Watch John Lennon discussing American Football in 1974: “It makes rock concerts look like tea parties”
When John Lennon appeared on Monday Night Football in 1974, he was mid-way through his so-called “lost weekend”. Beginning in 1973 and lasting until 1975, the period saw the Beatles member separate from Yoko Ono and start a casual relationship with Apple Records employee May Pang.
The whole thing was organised by Ono, who discussed her decision to set up the relationship many years later: “I was hated and John was hated because of me,” she began. “The affair was something that was not hurtful to me. I needed a rest. I needed space. Can you imagine every day of getting this vibration from people of hate? You want to get out of that. Also, we were so close John didn’t even want me to go to the bathroom by myself. ‘I will come with you,’ he would say. And this would be in public places like the EMI recording studios.”
Pang and Lennon dated for 18 months, with Lennon recording his drug-fuelled Rock ‘n’ Roll album during their time together. Meanwhile, Ono got on with her own life, content with the knowledge that she would return to her husband when the time was right. “I was prepared to lose him, but it was better he came back. I didn’t think I would lose him. I wanted to be sure,” she said.
In March 1974, Lennon and his drinking buddy Harry Nilsson were kicked out of the Troubadour rock club in West Hollywood for drunkenly heckling the Smothers Brothers. By December, he’d started sobering up, and so decided to go and watch a game at the Los Angeles Coliseum between the LA Redskins and the Los Angeles Rams. Someone spotted him in the crowd, so during the intermission, he was shepherded into the broadcasting booth for an interview with Monday Night Football host Howard Cosell.

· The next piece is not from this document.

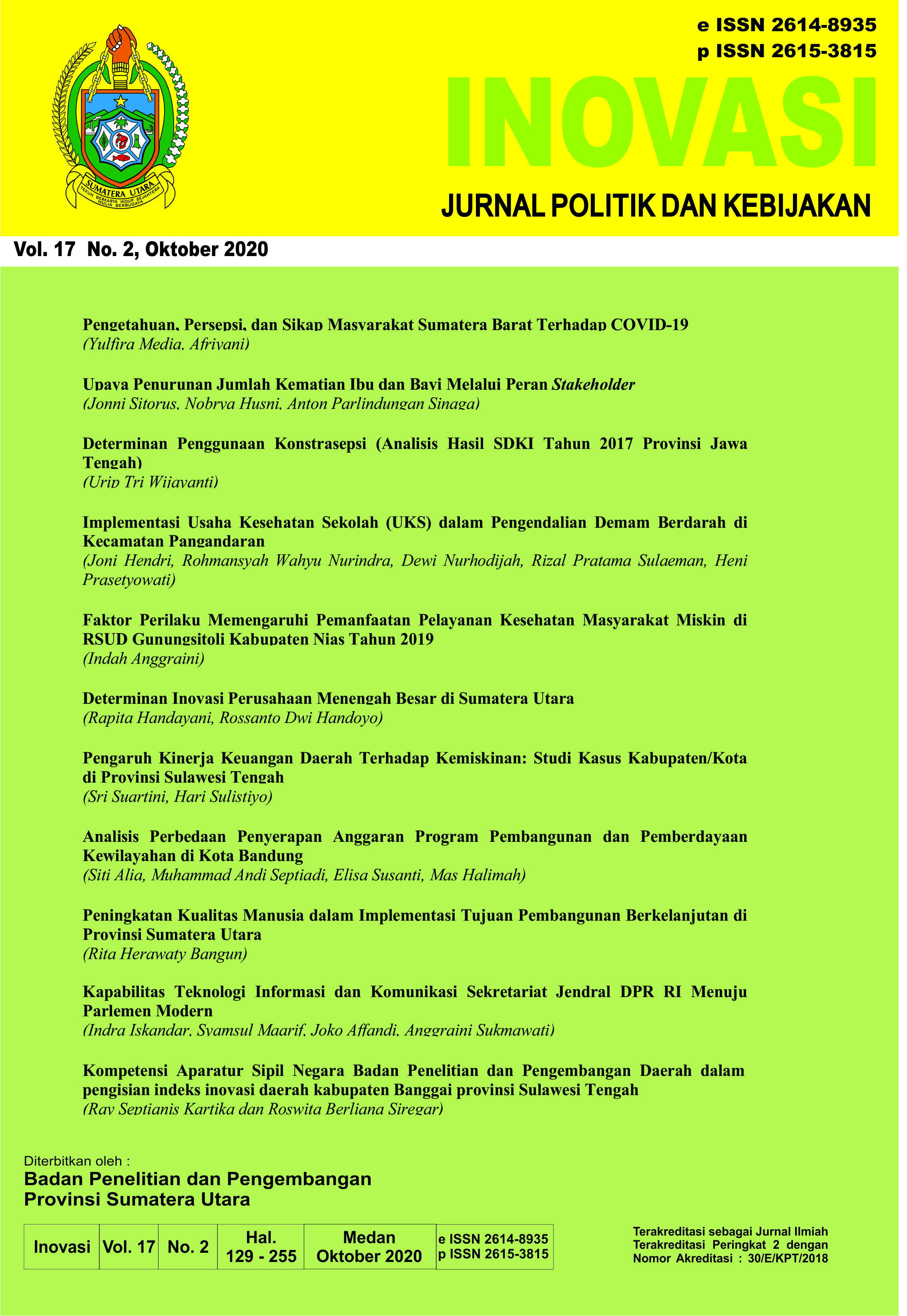 Jurnal INOVASI Edisi Oktober 2020 kali ini menampilkan 5 (tulisan) dari aspek kesehatan, salah satunya tentang pengetahuan, persepsi dan sikap masyarakat di Sumatera Barat dalam menghadapi pandemi COVID-19. Tulisan lainnya membahas tentang upaya penurunan kematian ibu/bayi, penggunaan kontrasepsi, implementasi UKS dalam pemberantasan demam berdarah, serta pelayanan kesehatan masyarakat miskin di Rumah Sakit Gunungsitoli Kabupaten Nias.

Five years later, Cosell was charged with breaking the news of John Lennon’s death during a game between The Miami Dolphins and the New England Patriots. His commentator, Frank Gifford, set up the announcement: “Timeout is called with three seconds remaining. John Smith is on the line. And I don’t care what’s on the line, Howard, you have got to say what we know in the booth.”
Both knew that Lennon had been shot dead – America did not. “Yes, we have to say it,” began Cosell. “An unspeakable tragedy confirmed to us by ABC News in New York City: John Lennon, outside of his apartment building on the West Side of New York City — the most famous, perhaps, of all of The Beatles — shot twice in the back, rushed to Roosevelt Hospital, dead on arrival.”